Universal Approximation by Neural Networks

This page illustrates the ability of a neural network to approximate any function with an error as small as desired. We show in this simulation the case of the approximation of a polynomial in one variable, but this basic case can be generalized very well to higher dimensions.
Each time the "improve" button is pressed, the neural network measures the approximation error it made at the last step and uses a simple gradient descent algorithm to improve.
In the simulation below, enter a polynomial function to fit and click on "Improve" to perform one backpropagation round of the neural network. For higher numbers of hidden layers, the model may have trouble to converge

Given a continuous function on a compact set and a desired level of precision, one can construct a neural network with a finite number of neurons that will approximate the function with the desired level of precision. More formally, we have the next Theorem.

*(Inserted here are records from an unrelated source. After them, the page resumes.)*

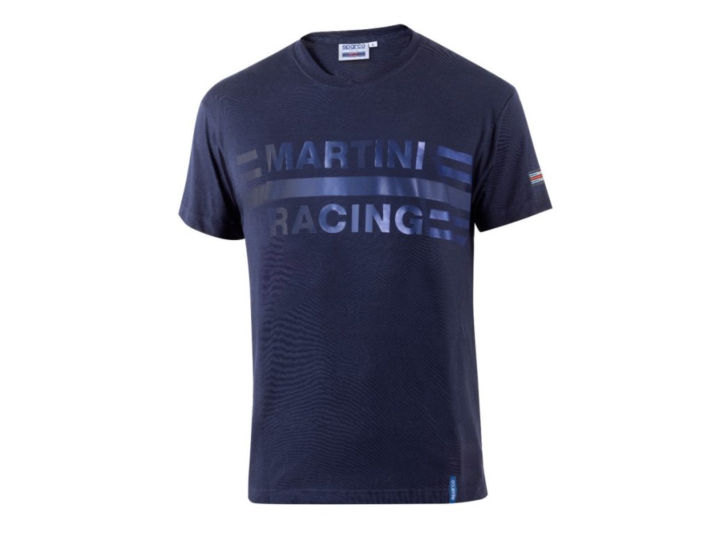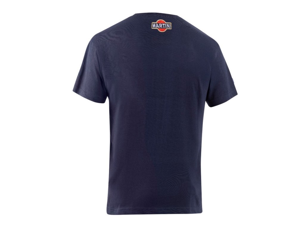 Tmavě modré pánské tričko s velkým, centrálně umístěným ikonickým logem Martini Racing na hrudi.
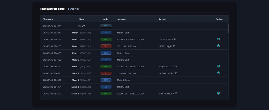 You can monitor every step of the bot execution in real-time. Click the transaction log tab to see all processes in the bot cycle. Maker wallet creation, buys, sells, and ATA/PDA rent recovery are all recorded at each step. Click any hash to verify directly on Solscan.
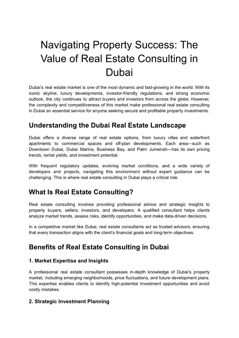 Navigating Property Success_ The Value of Real Estate Consulting in Dubai
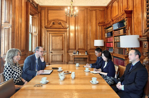 赵大使祝贺奥履新,感谢礼宾司长期以来为两国高层交往和驻爱使馆开展工作提供的宝贵支持,期待与礼宾司保持并不断加强良好合作关系。
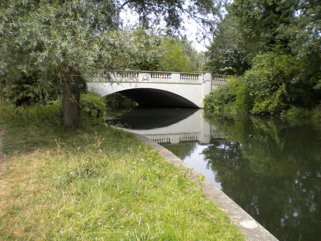 If you look back, you can see Fen Causeway Bridge, opened in 1926. You are still on Sheeps Green, and still on an island, with the main river on your left, and a narrower channel on your right. As you carry on walking, you will head away from the river, and then find an area of neater looking green. |
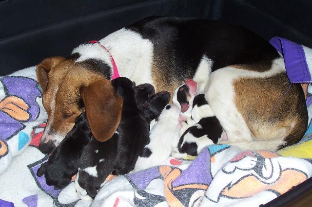 Daisy had 8 beagle mix puppies.
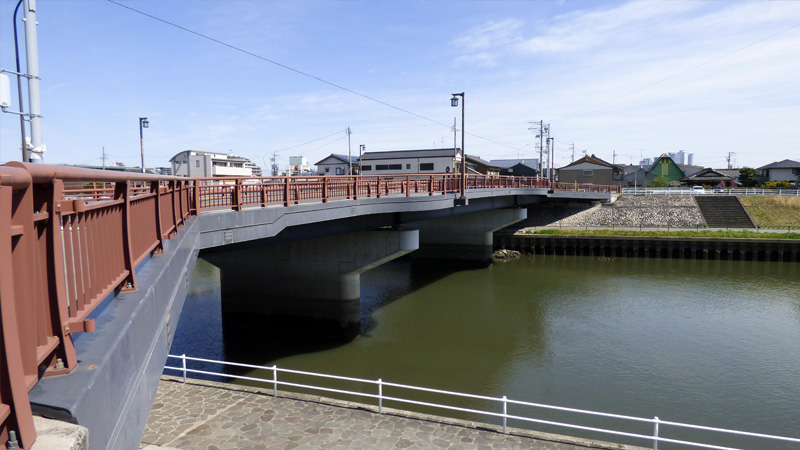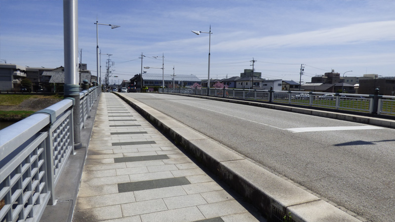 「清洲越しって言うのは?」 江戸時代の初め、名古屋城を築城した時に、清洲の街を、丸々引越しさせた。「丸々?」 そう、その丸々の例がこの橋。「へ〜、橋まで、持っていく? ここ、街道なのに??」

Theorem: (Stone-Weierstrass)

Let $X$ be a compact space, $C(X)$ be the algebra of continuous functions from $X$ to $\mathbb{R}$. A subalgebra of $C(X)$ is dense in $C(X)$ if and only if it separates points of $X$ and for all $x\in X$, it contains a function $f$ such that $f(x)\neq 0$.

By choosing the subalgebra of polynomials on $X\subseteq\mathbb{R}^n$ compact one obtains the following Corollary:

Corollary:

Let $m,n$ be positive integers, $K\subseteq\mathbb{R}^n$ be a compact set and $C(K,\mathbb{R}^m)$ be the set of continuous functions from $K$ to $\mathbb{R}^m$. Then, for any $f\in C(K,\mathbb{R}^m)$ and $\epsilon>0$, there exists a neural network $\hat{f}$ with $n$ inputs, $m$ outputs such that $\sup _{x\in K} \|f(x)-\hat{f}(x)\|<\epsilon$.

Note that the previous results do not guarantee convergence of the optimization process, they only prove that an approximation exists.